Portanto, é fundamental acrescentar aos estudos e à discussão deste assunto
como a cultura influencia o processo de elaboração do luto e como ela pode
auxiliar o sujeito a viver esse processo.
As
teorizações dos autores aqui apresentados não restringem as formas de vivenciar
o luto, apenas contribuem para elucidar os processos psíquicos que podem
acontecem com aqueles que passaram por uma perda irrecuperável. Cada pessoa
possui sua história pessoal, social e cultural que a leva a responder de
determinada maneira a uma situação dolorosa como a perda do trabalho, cabendo
ao profissional de psicologia auxiliá-lo, caso necessário, para que essa
experiência possa ser vivida de forma menos traumática e que represente uma
oportunidade de crescimento pessoal e aprendizado diante de futuras perdas.
Teoria do Vínculo
Falar
em perda, seja ela simbólica ou concreta, é se referir a rompimento de vínculo.
Bowlby (1993) é um estudioso que pesquisa os aspectos psicológico e biológico
do luto, integrando psicanálise e etologia - estudo dos comportamentos
específicos das espécies – em sua teoria do vínculo. Nesta teoria, o luto é
estudado através dos comportamentos de vínculo afetivo. Essa perspectiva
teórica é útil na proposta do presente artigo, visto que a relação do homem com
o trabalho se dá também em uma dimensão afetiva.

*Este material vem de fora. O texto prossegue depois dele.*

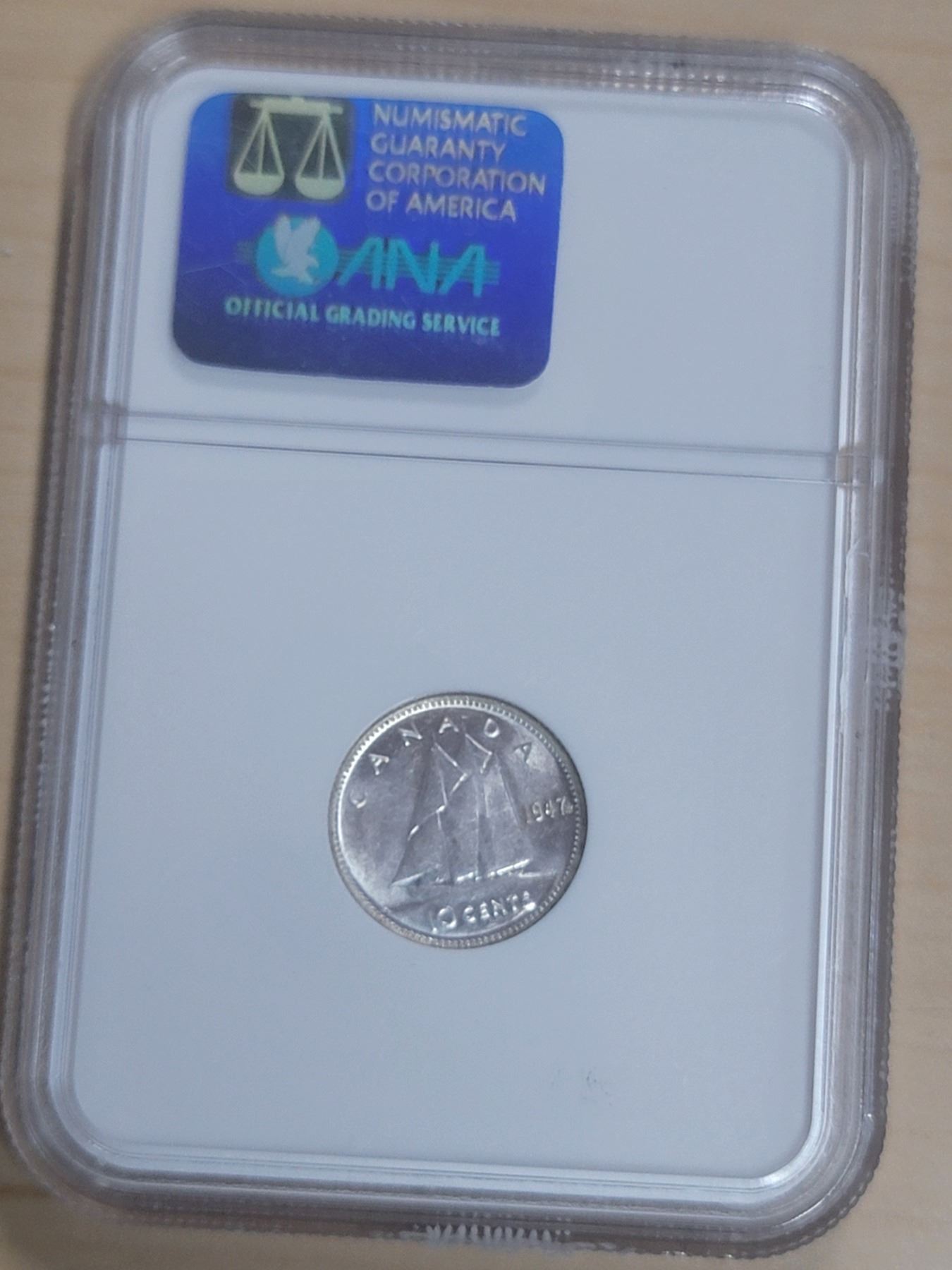 1947 ML Canada Silver 10¢; AU 58 (NGC # 150125-021)
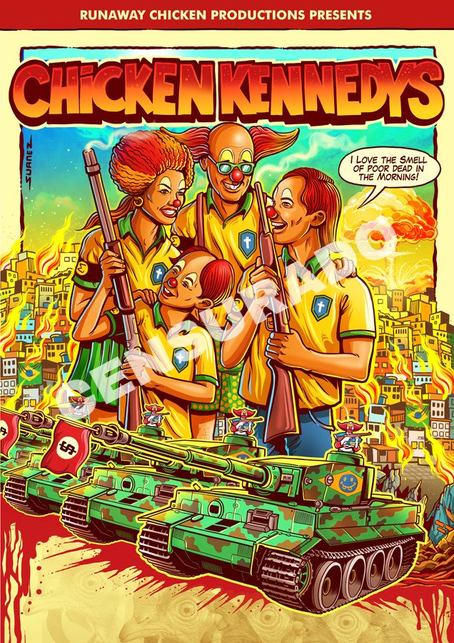 7) Para aqueles que, como a gente, ficaram bastante decepcionados com tudo o que aconteceu de uma semana para cá, estamos com uma versão da camiseta chamada “CHICKEN KENNEDYS”. Atenção: “Chicken Kennedys” não possui relação alguma com nenhuma banda que você conhece e não infringe nenhum direito autoral ou propriedade intelectual. Se você está fazendo associação com alguma banda, isto é coisa da sua cabeça.
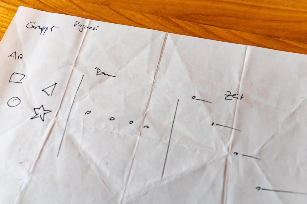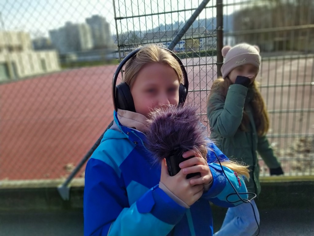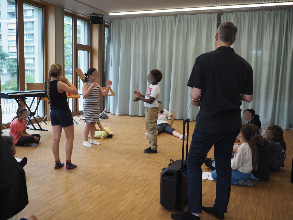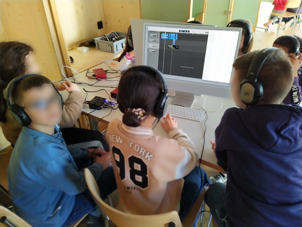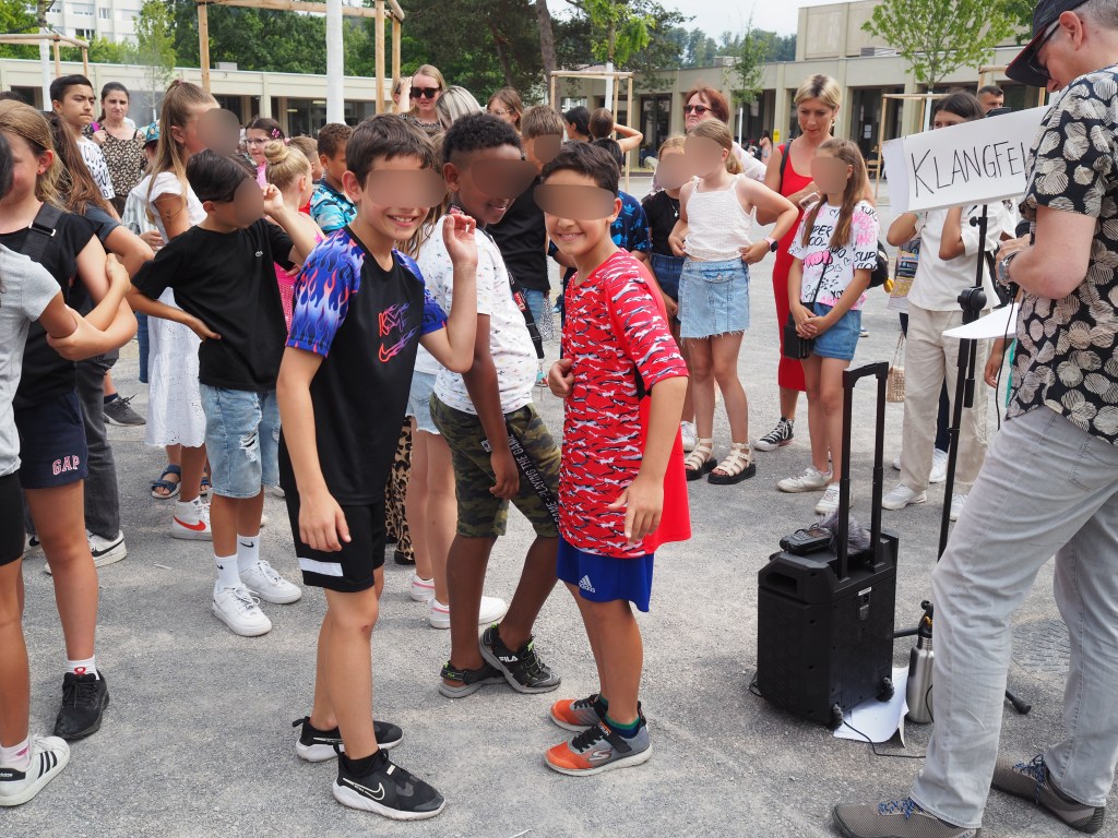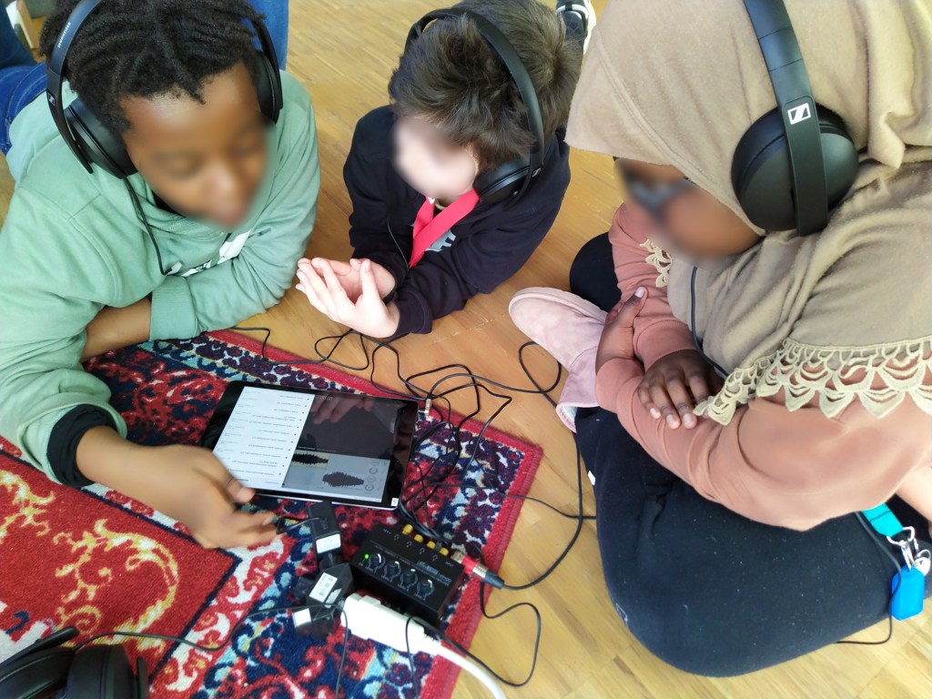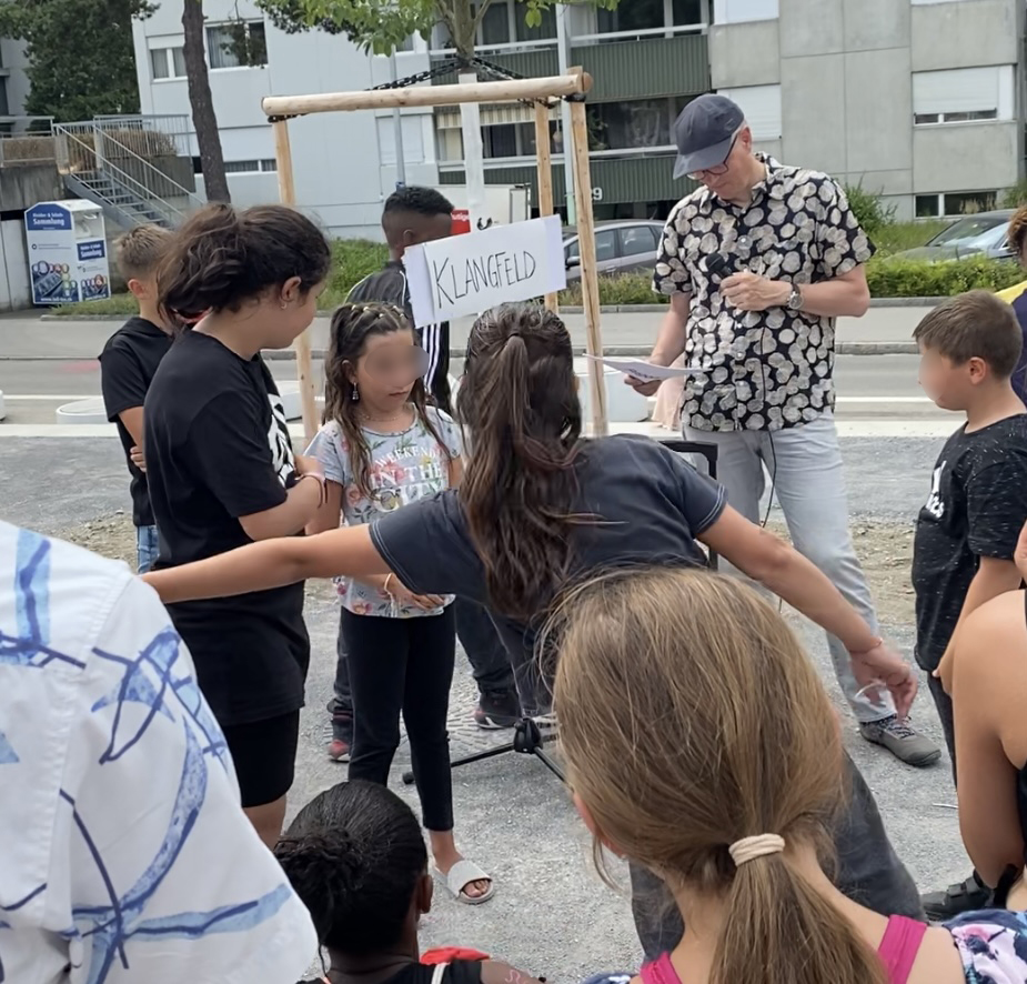 Jan Schacher worked with the pupils from September 2022 to June 2023. He sparked the children’s interest in sound by exploring the school and its surroundings, walking through the woods and streets of Bümpliz as well as the school yard and playgrounds while listening, making sounds and recording themselves in their environment. Once engaged in the invisible sphere of the school the children were then initiated into easy, open access sound editing software to edit and design a track from the recordings, telling their own story about the school. This sonic exploration was further developed through text scores and rhythmic drawings, that invited the children into improvisations, to add a physical performance to the field recording work done earlier.
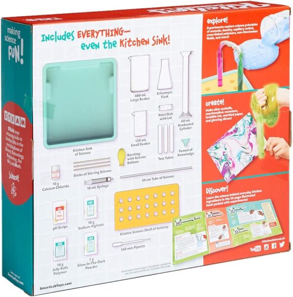25-PIECE KIT EVEN INCLUDES THE KITCHEN SINK: Kitchen Sink of Science, Kitchen Science Shelf of Activity (fits into the Sink), large beaker (400 mL), Erlenmyer flask, petri dish, graduated cylinder (60 mL), small beaker (120 mL), test tubes, pipette (160 mm), funnel, balloon, plastic tubing (30 cm), syringe (10 mL), stirring sticks, pH strips, sodium alginate (10 g), jelly balls polymer (10g), glow-in-the-dark powder (1 g), and 36-page illustrated book packed with experiments
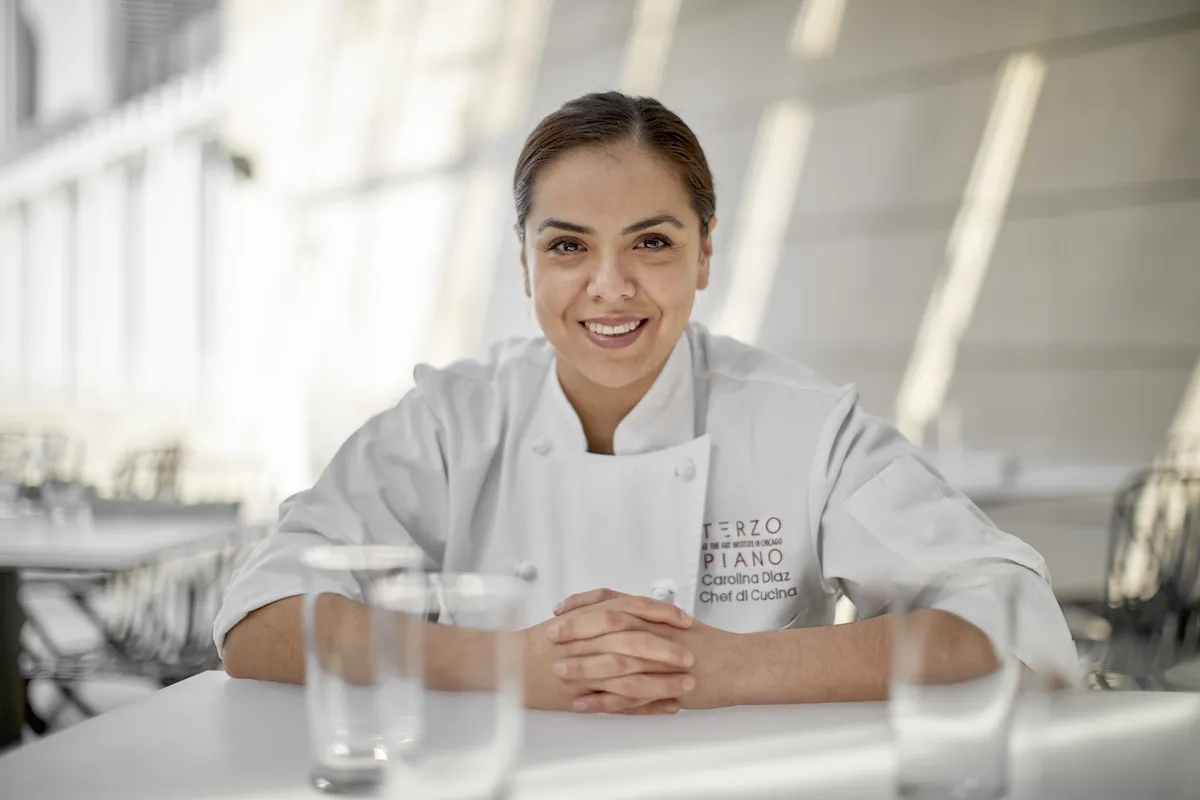 ترعرعت كارولينا في عائلة مكسيكية، وبعد سنوات من عملها كشيف رئيسي، قررت استكشاف الطبخ الإيطالي في عام 2012 لتنضم أخيرًا إلى فريق تيرزو بيانو ومعهد الفن في شيكاغو عام 2016 بصفتها شيف دي كوشينا. تؤمن كارولينا باستخدام منتجات محلية عضوية مستدامة لطبخ أطباق متوسطية لذيذة مع تغييرات غربية وسطى.

O autor supracitado desenvolveu uma teoria de vinculação,
que diz respeito aos vínculos afetivos que são criados pela familiaridade e
proximidade com figuras parentais no início da vida e que se mantém ao longo da
vida e se estendem para outras relações. A teoria da vinculação afirma a
necessidade universal que as pessoas têm de desenvolverem ligações afetivas de
proximidade ao longo da vida com o objetivo de se sentirem seguras e poderem
explorar o mundo, conhecendo assim os outros e a si mesmo. Essas ligações
afetivas de proximidade, ou relações de vinculação, são aquelas únicas e
exclusivas, que se tornam recursos importantes na procura de conforto e apoio e
que consequentemente implicam em afetos intensos quando há uma separação. Essas
relações contribuem de forma imensurável para o sentido de segurança interna
que desenvolve-se ao longo da vida, são relações insubstituíveis e sua perda
pode ser muitas vezes irreparável. A vinculação é uma interação dinâmica e não
um laço estático, portanto o vínculo e o significado desse vínculo podem ser
construídos e desconstruídos diversas vezes durante a relação. Isso também pode
ajudar a esclarecer alguns sentimentos ambivalentes que podem surgir durante o
processo de luto. Sendo assim, pode-se inferir que quanto mais forte e intenso for
o vínculo ente uma pessoa e seu objeto de estima, maior serão o impacto e o
sofrimento sentidos por uma ruptura real e irreversível desse vínculo, como por
exemplo a perda do trabalho.
Segundo
Bowlby (1993) o processo de luto pode ser compreendido em quatro fases: (1) o
choque, (2) o desejo de busca pela figura perdida acompanhada de uma intensa
saudade, (3) a desorganização e o desespero com tendências a culpar as pessoas
próximas e, (4) a reorganização em que existe uma aceitação da perda.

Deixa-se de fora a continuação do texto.